**Exercise description**
Your copy should begin with the line containing "The Youth Long", end with the line containing "Subiu para seis", match the listing below exactly, and contain no pictures.

--- Data listing Enclosed Below ---

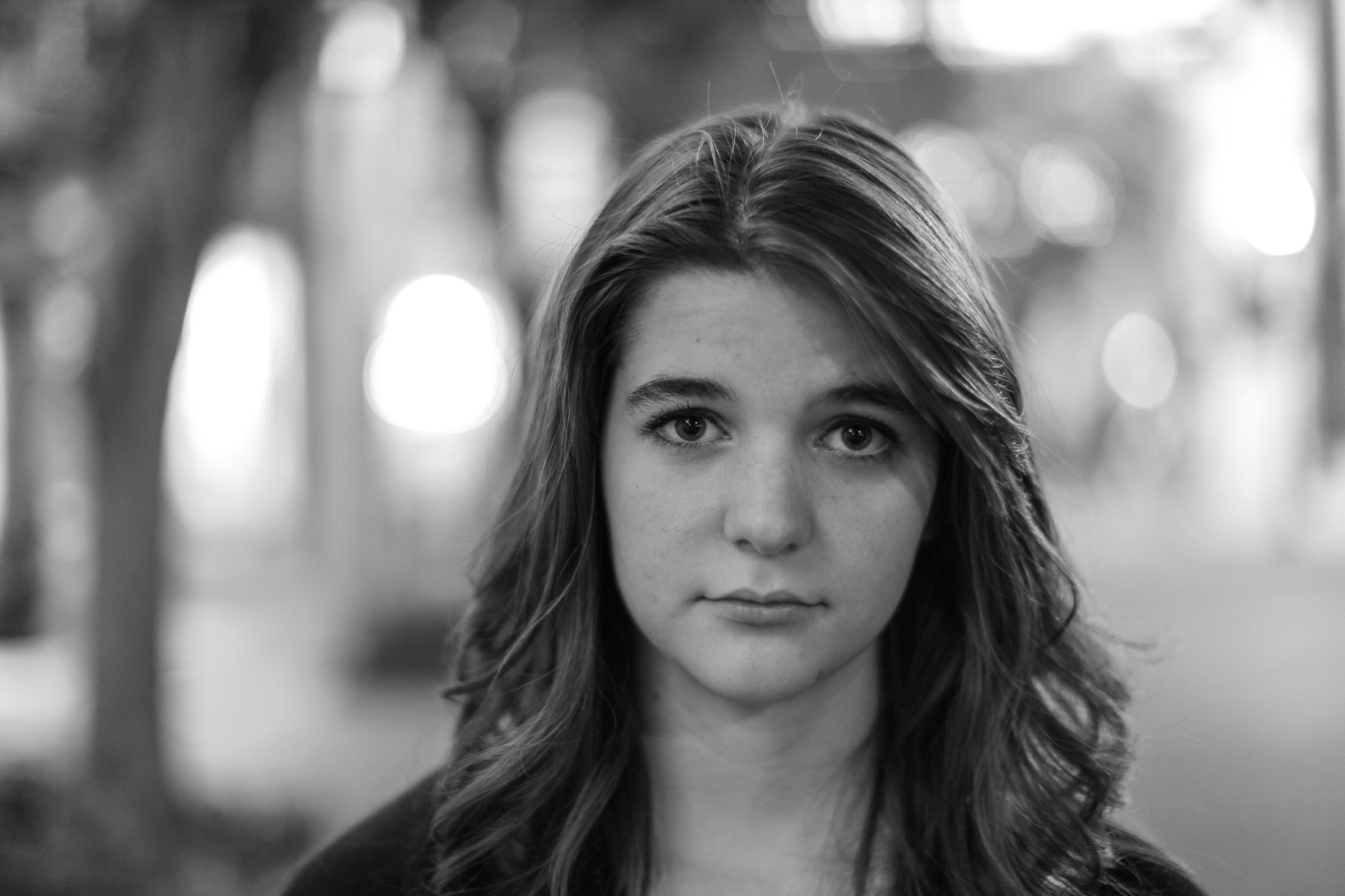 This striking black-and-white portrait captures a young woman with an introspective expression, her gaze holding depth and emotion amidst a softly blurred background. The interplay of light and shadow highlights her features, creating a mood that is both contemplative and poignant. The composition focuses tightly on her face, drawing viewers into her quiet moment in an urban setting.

--- End of Enclosed Data listing ---
--- Data listing Enclosed Below ---

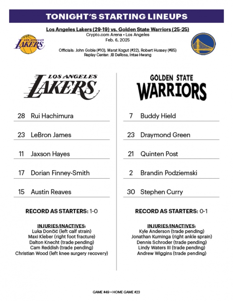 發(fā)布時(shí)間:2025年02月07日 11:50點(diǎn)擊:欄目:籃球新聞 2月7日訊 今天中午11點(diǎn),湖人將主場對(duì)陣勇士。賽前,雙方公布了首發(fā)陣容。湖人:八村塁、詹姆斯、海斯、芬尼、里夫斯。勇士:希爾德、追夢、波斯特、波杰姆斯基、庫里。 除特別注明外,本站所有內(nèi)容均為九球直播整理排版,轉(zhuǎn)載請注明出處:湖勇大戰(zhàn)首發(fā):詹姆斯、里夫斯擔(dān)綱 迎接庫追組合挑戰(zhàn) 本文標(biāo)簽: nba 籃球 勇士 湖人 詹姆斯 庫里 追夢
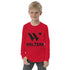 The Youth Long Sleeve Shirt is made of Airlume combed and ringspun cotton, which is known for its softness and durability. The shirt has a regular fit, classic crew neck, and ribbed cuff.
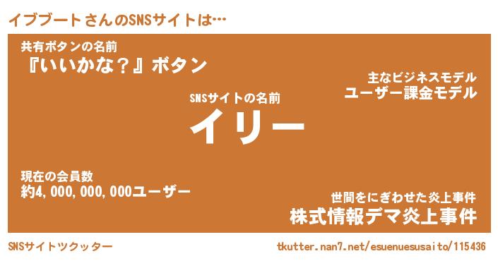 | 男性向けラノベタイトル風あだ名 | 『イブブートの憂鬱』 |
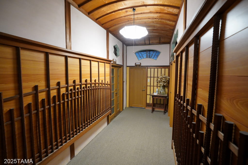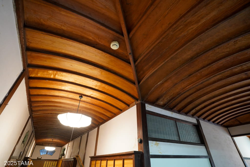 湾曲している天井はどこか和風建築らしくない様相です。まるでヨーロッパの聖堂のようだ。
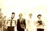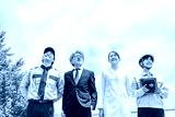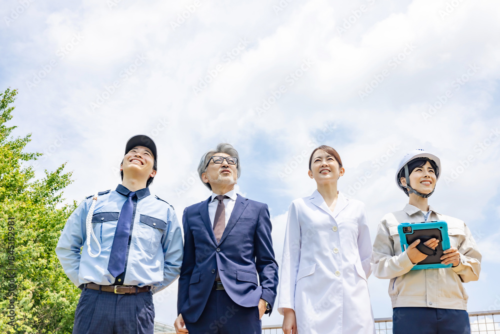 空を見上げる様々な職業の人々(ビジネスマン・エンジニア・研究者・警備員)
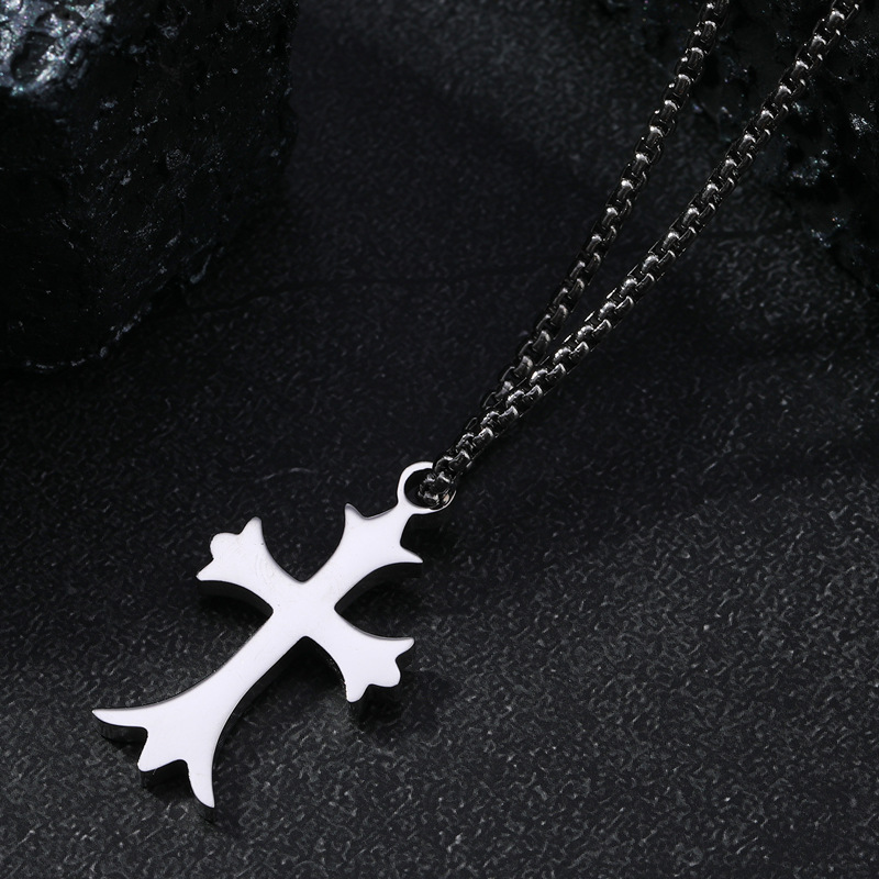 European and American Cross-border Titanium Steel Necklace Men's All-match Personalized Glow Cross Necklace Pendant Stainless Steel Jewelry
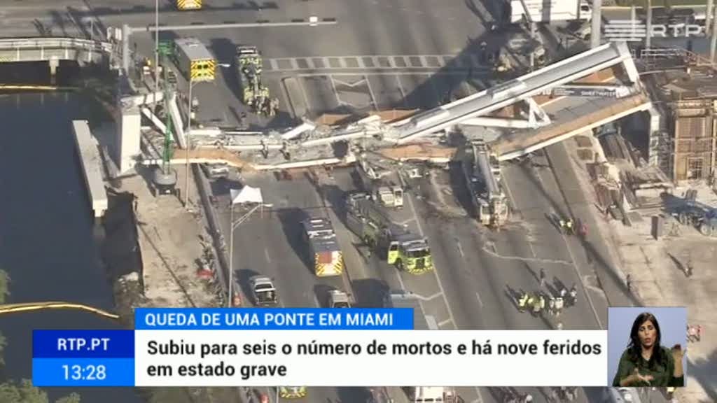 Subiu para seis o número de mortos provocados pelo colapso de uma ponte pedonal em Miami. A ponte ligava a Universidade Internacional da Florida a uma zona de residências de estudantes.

--- End of Enclosed Data listing ---

**Problem solution**
 The Youth Long Sleeve Shirt is made of Airlume combed and ringspun cotton, which is known for its softness and durability. The shirt has a regular fit, classic crew neck, and ribbed cuff.
 | 男性向けラノベタイトル風あだ名 | 『イブブートの憂鬱』 |
 湾曲している天井はどこか和風建築らしくない様相です。まるでヨーロッパの聖堂のようだ。
 空を見上げる様々な職業の人々(ビジネスマン・エンジニア・研究者・警備員)
 European and American Cross-border Titanium Steel Necklace Men's All-match Personalized Glow Cross Necklace Pendant Stainless Steel Jewelry
 Subiu para seis o número de mortos provocados pelo colapso de uma ponte pedonal em Miami. A ponte ligava a Universidade Internacional da Florida a uma zona de residências de estudantes.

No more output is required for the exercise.